Summarising Data Graphically
Data has an unfortunate habit of arriving in an inconvenient layout, or with items missing. Often you can use a tool such as Excel to do some basic summarising and tabulation, but if all you need is to group data into categories, GraPL has some simple tools to help.
A typical example of a problem datasheet might be:
Here we have a typical ‘database’ format where there are regions and months, with zero or more entries for each region/month combination. We would like to make a barchart of the total sales for each month, by region, so we could use Excel here to make a CrossTab, or we could use the grouping capabilities of GraPL to do the same job.
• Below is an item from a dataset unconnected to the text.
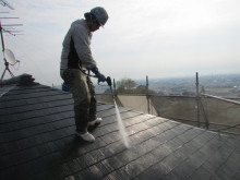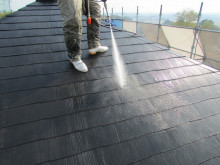 屋根は基材の下地が覗くくらい洗浄して旧塗膜を取り除きます。
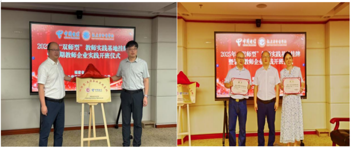 7月11日上午,福建省郵電學校與中國電信股份有限公司福州分公司在中國電信福州分公司大樓隆重舉行了“雙師型”教師企業實踐基地掛牌儀式暨2025年暑期教師企業實踐培訓開班典禮。中國電信福州分公司副總經理畢超、福建省郵電學校副校長林則烽出席。

A first attempt would be to group the sales by month, and categorise by region – to add the necessary properties to a simple barchart you need to bring up the Properties tab and drag over the Group by and Categorise by properties.
Here is what we get:
If you compare the chart with the data, you can see what GraPL has done with the categories and groups. Because there was no extra information on the months, GraPL has simply taken the unique values of the Mon column from the data and used these as the collection buckets for the sales totals. This approach might be OK if you were simply investigating data looking for patterns, but in this case it has two problems:
- we really want the months in the ‘right’ order, regardless of the ordering in the data
- we should leave gaps for months where there is no data in the table
To achieve this, we must add a ‘Group into’ property to pre-define the bins into which the data will be summed. The easy way to do this is to add another data table, which simply has the month codes in the right order:
... then we can use the month ids from here to force the totalling to do what we want:
In this final version, I have added an X-style of ‘Between,Labmid’ which improves the readability of the bars, and also included my GraPL user name and the date in a footnote. This assumes I was happy with the categories – if we really had three regions (say East, South, North, in this order) I would need to add a ‘Categorise into’ item in just the same way so that East would be added to the key and the bars would group in threes, even though the East made no sales in this period!
Other forms of summary
As you can see, the default action when summarising data is simply to total the items. However there are some other possibilities here – add a ‘Group function’ property and check its ‘...’ button to see the possibilities:
For example you can count the number of entries in each category, which is often what you need when analysing census or questionnaire data.
If you need to make several charts from a summary of a large body of data, you might consider using the Summarise and CrossTab calculations to perform the same operations, but storing the aggregated numbers in a new datasheet to save working them out each time.
|